- Exercise
Below are records; extract exactly the lines from the one containing "乌衣为救锁链女而遭丰县自称警" through the last, both included, and keep the pictures out.

START Data in this exercise

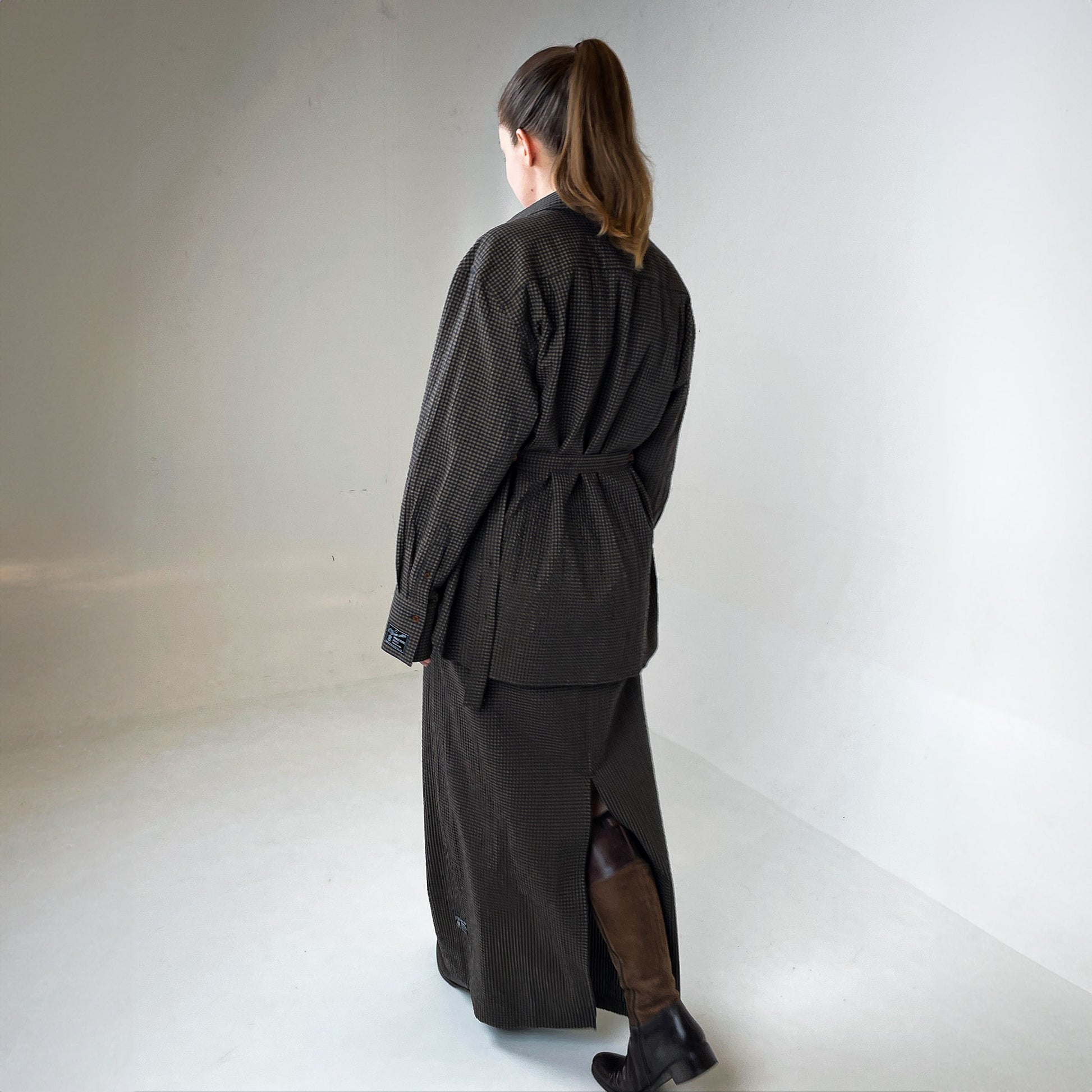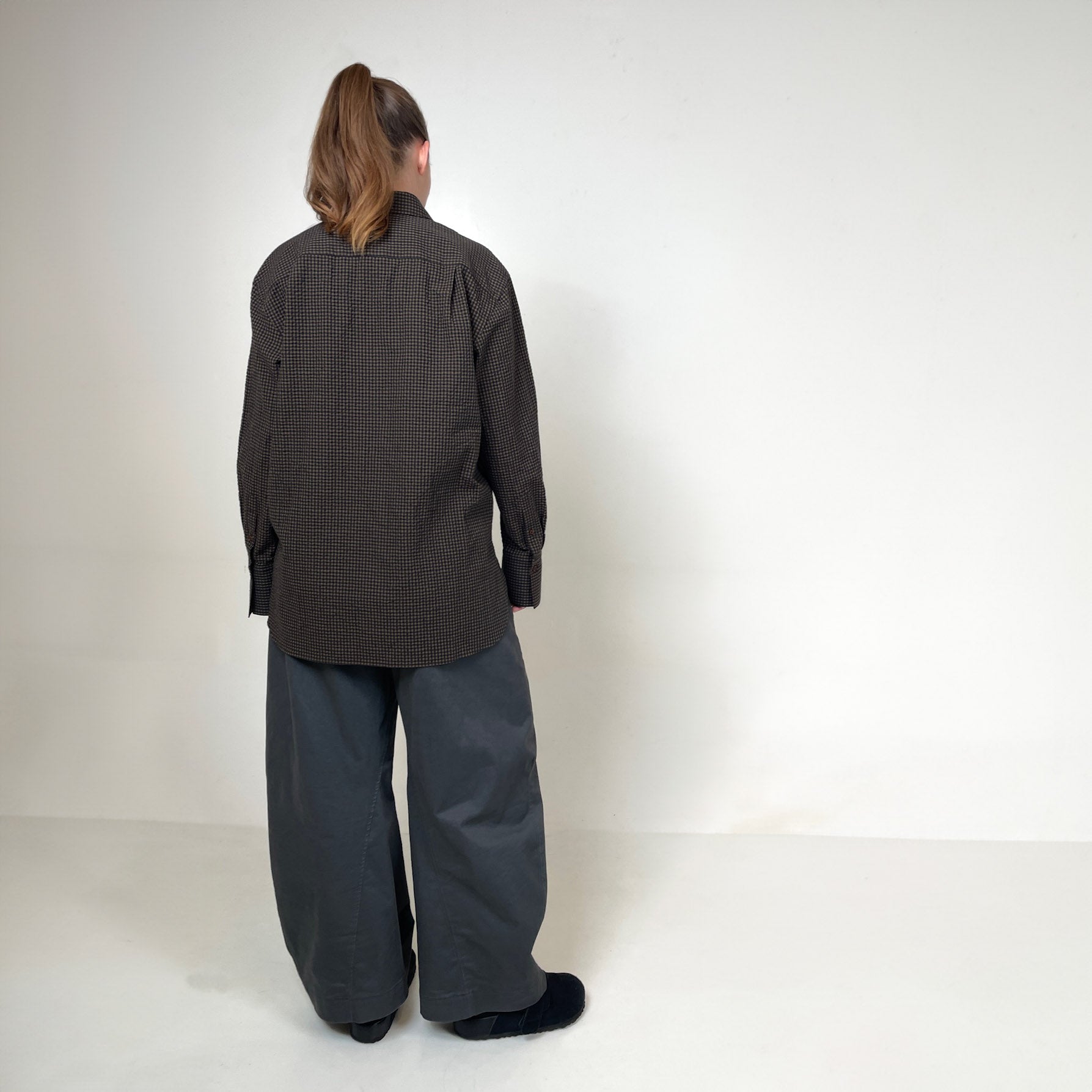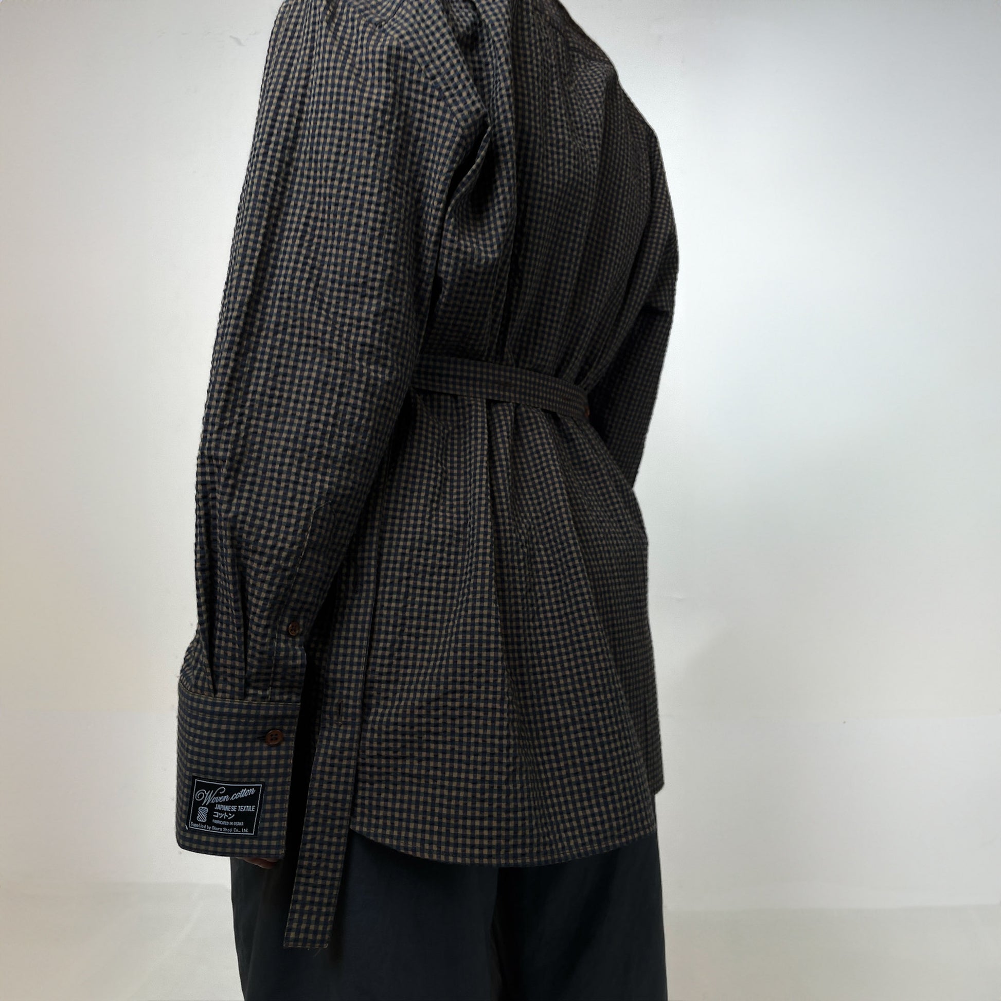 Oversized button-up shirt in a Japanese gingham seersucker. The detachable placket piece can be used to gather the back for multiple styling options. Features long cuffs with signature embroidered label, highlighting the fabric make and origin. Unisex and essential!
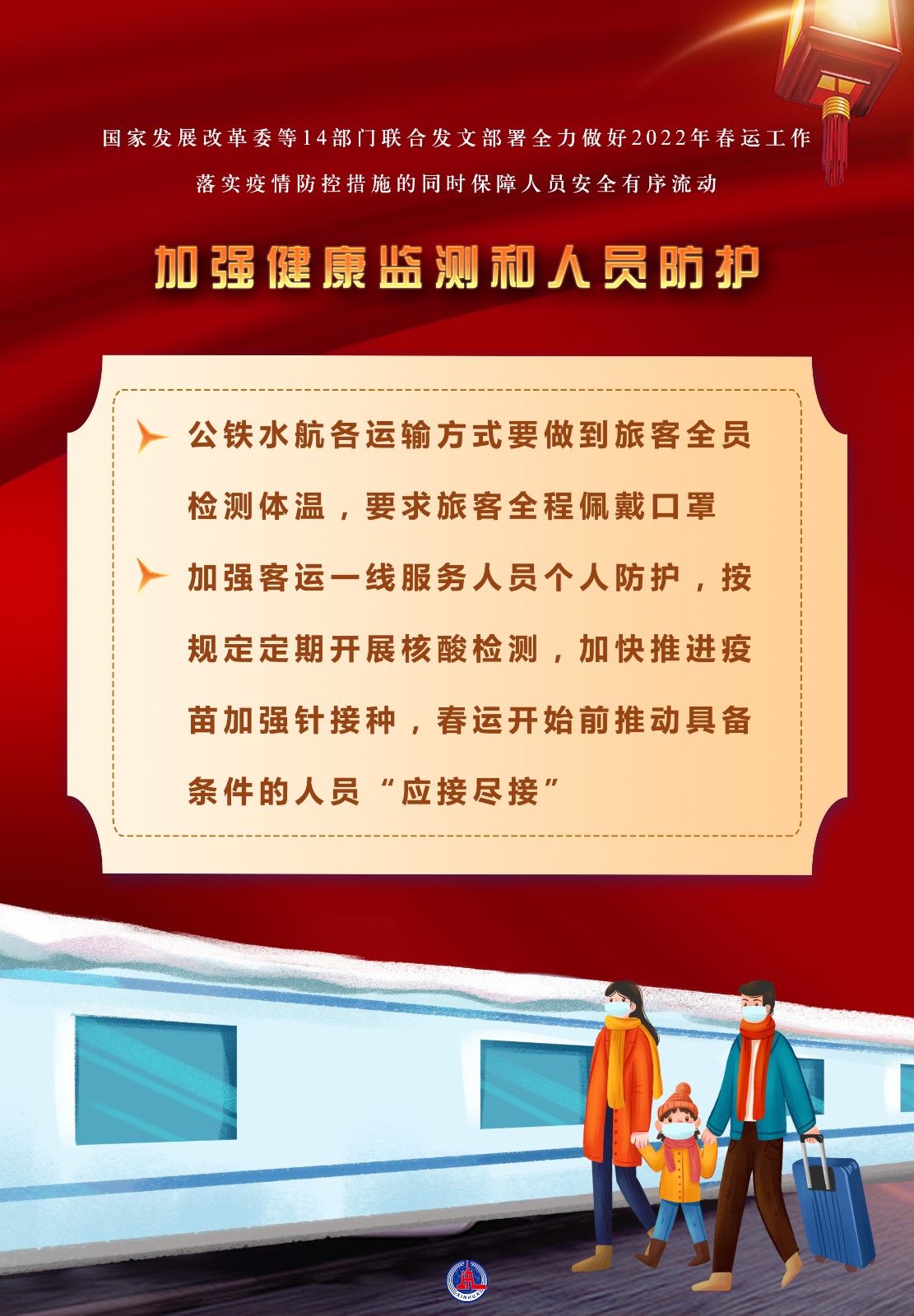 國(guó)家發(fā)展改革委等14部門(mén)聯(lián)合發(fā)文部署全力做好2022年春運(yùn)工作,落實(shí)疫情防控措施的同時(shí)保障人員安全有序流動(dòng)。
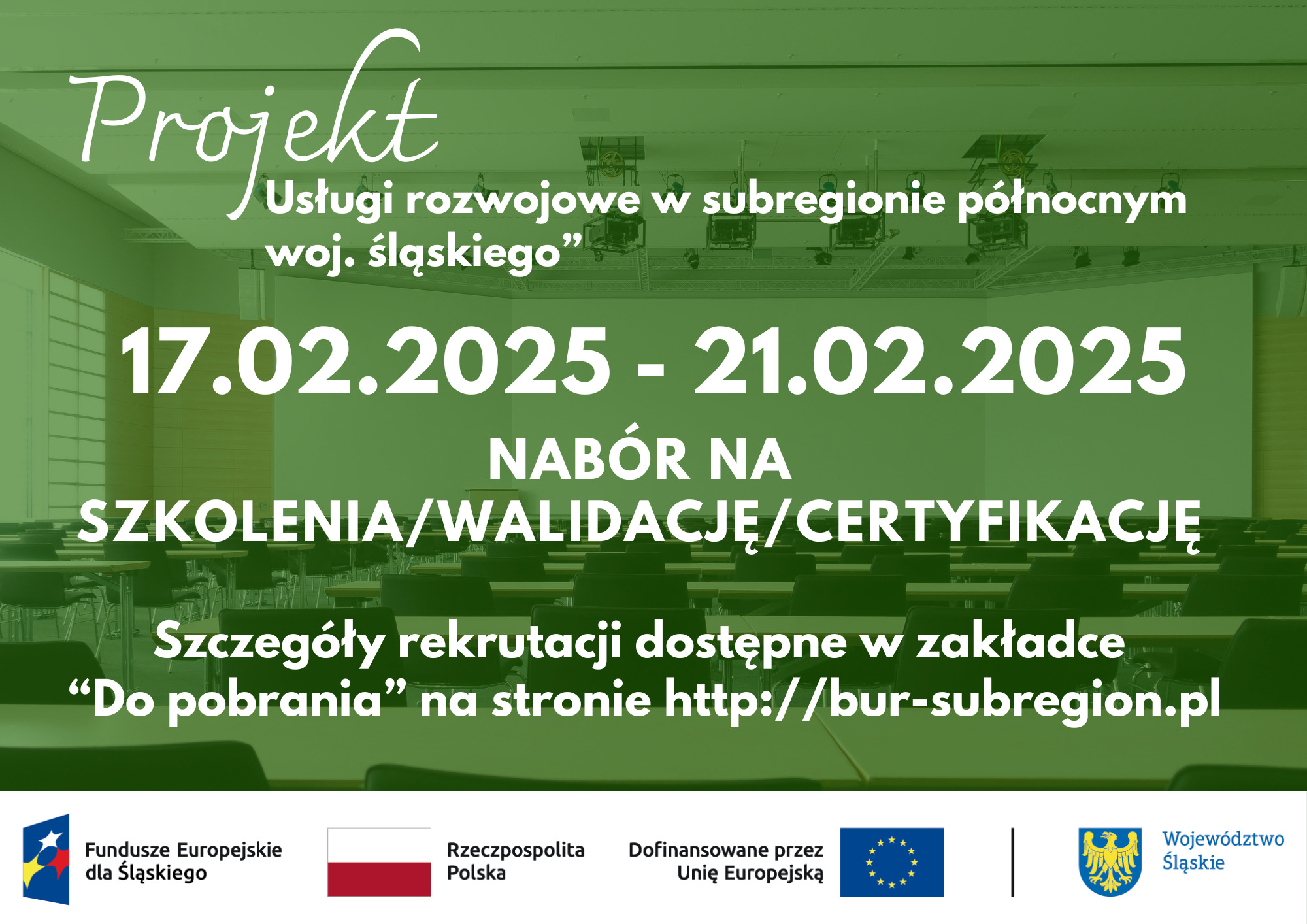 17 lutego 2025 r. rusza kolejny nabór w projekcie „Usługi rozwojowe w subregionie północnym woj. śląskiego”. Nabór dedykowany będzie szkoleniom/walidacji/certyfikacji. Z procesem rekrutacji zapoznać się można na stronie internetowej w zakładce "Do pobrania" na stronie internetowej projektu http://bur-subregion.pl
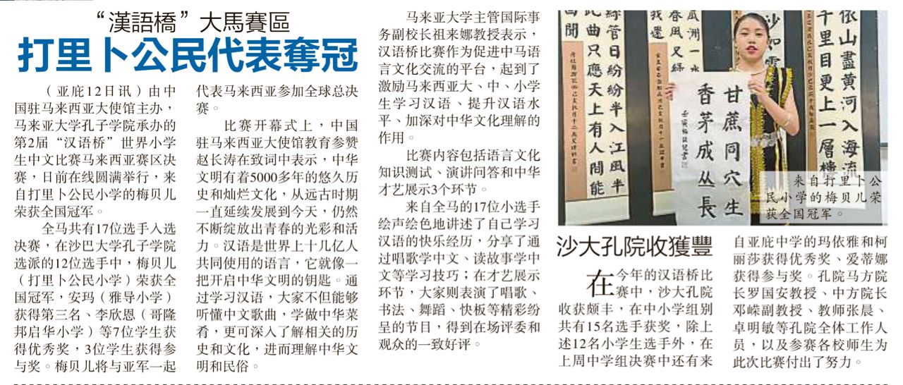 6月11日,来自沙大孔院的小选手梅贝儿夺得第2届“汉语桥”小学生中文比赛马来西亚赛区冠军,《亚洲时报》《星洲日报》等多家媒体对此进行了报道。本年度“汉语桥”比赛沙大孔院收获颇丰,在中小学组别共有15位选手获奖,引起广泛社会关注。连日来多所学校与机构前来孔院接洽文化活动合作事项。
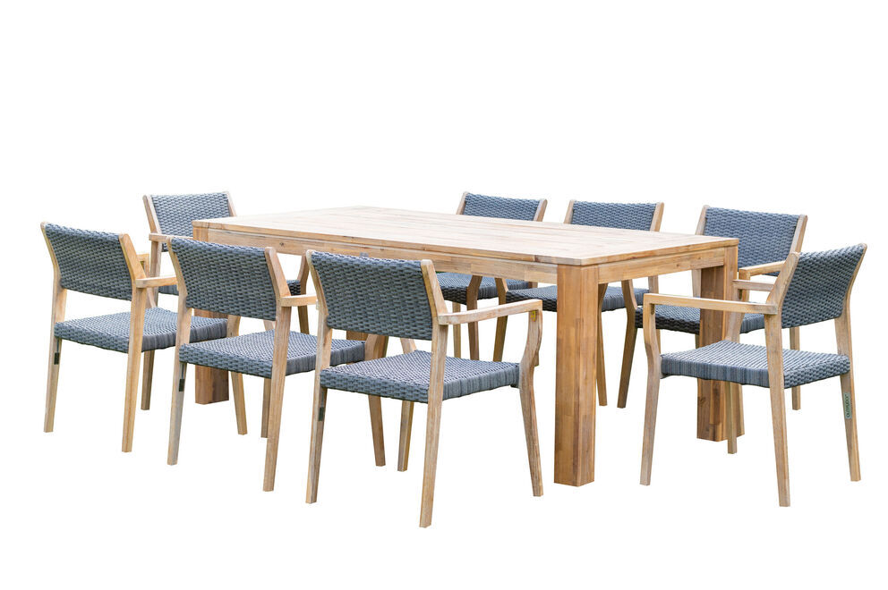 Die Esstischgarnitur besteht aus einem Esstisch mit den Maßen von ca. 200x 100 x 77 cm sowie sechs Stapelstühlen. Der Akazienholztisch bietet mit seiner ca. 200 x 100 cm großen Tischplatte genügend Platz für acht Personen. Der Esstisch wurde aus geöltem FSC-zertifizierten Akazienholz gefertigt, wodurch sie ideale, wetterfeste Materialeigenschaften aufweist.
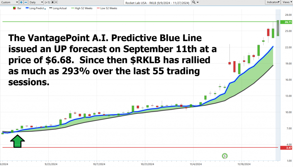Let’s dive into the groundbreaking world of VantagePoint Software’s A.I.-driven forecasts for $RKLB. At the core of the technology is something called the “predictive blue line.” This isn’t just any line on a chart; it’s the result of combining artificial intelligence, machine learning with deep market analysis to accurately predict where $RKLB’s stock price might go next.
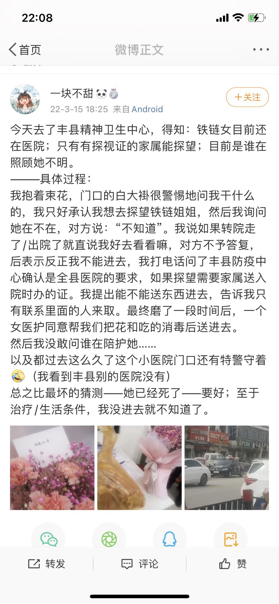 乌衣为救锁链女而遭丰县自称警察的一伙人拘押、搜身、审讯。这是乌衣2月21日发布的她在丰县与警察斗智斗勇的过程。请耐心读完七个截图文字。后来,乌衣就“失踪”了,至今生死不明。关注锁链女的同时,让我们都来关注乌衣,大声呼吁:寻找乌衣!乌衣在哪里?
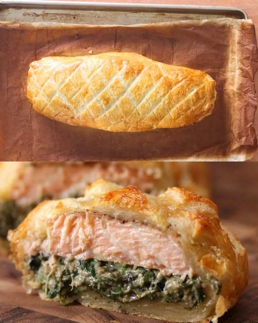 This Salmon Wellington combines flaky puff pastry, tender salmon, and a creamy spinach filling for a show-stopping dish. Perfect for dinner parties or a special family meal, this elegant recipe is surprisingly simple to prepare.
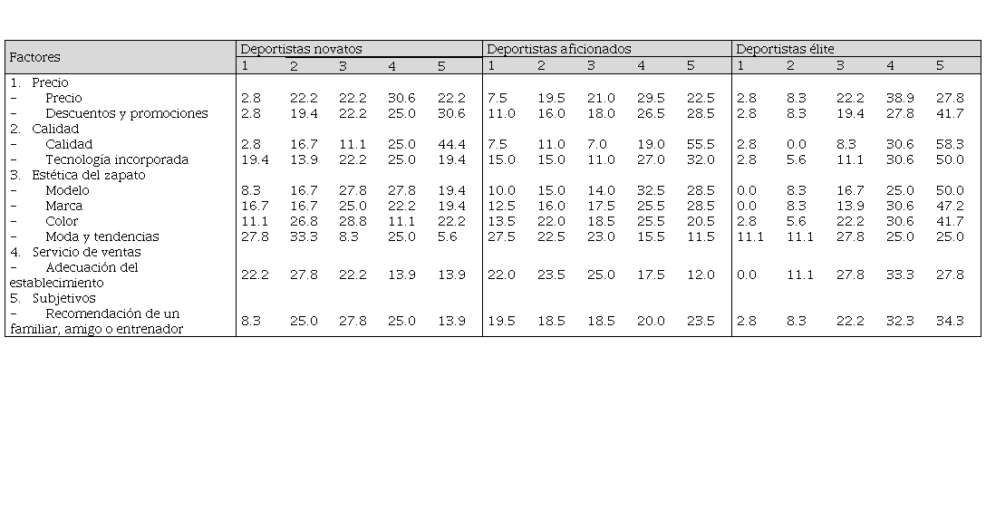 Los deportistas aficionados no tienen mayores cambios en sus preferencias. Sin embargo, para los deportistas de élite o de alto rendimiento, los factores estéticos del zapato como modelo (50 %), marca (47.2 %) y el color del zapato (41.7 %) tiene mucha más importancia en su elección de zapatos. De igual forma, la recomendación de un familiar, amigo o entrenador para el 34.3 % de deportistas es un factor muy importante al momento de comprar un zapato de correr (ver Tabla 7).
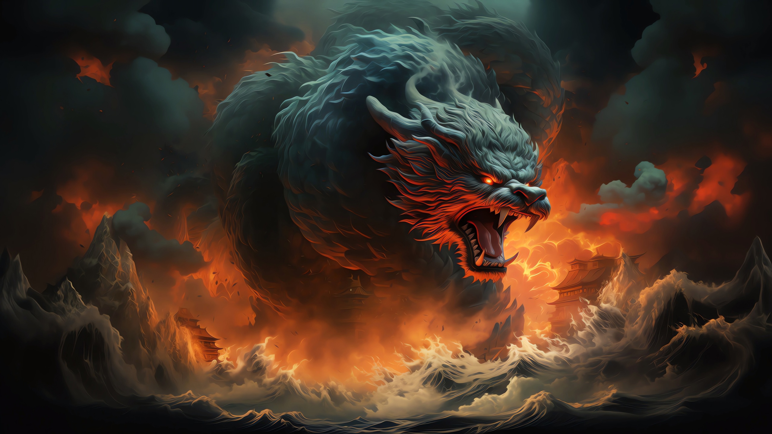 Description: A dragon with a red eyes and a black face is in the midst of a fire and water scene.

END Data in this exercise

- Written solution
 乌衣为救锁链女而遭丰县自称警察的一伙人拘押、搜身、审讯。这是乌衣2月21日发布的她在丰县与警察斗智斗勇的过程。请耐心读完七个截图文字。后来,乌衣就“失踪”了,至今生死不明。关注锁链女的同时,让我们都来关注乌衣,大声呼吁:寻找乌衣!乌衣在哪里?
 This Salmon Wellington combines flaky puff pastry, tender salmon, and a creamy spinach filling for a show-stopping dish. Perfect for dinner parties or a special family meal, this elegant recipe is surprisingly simple to prepare.
 Los deportistas aficionados no tienen mayores cambios en sus preferencias. Sin embargo, para los deportistas de élite o de alto rendimiento, los factores estéticos del zapato como modelo (50 %), marca (47.2 %) y el color del zapato (41.7 %) tiene mucha más importancia en su elección de zapatos. De igual forma, la recomendación de un familiar, amigo o entrenador para el 34.3 % de deportistas es un factor muy importante al momento de comprar un zapato de correr (ver Tabla 7).
 Description: A dragon with a red eyes and a black face is in the midst of a fire and water scene.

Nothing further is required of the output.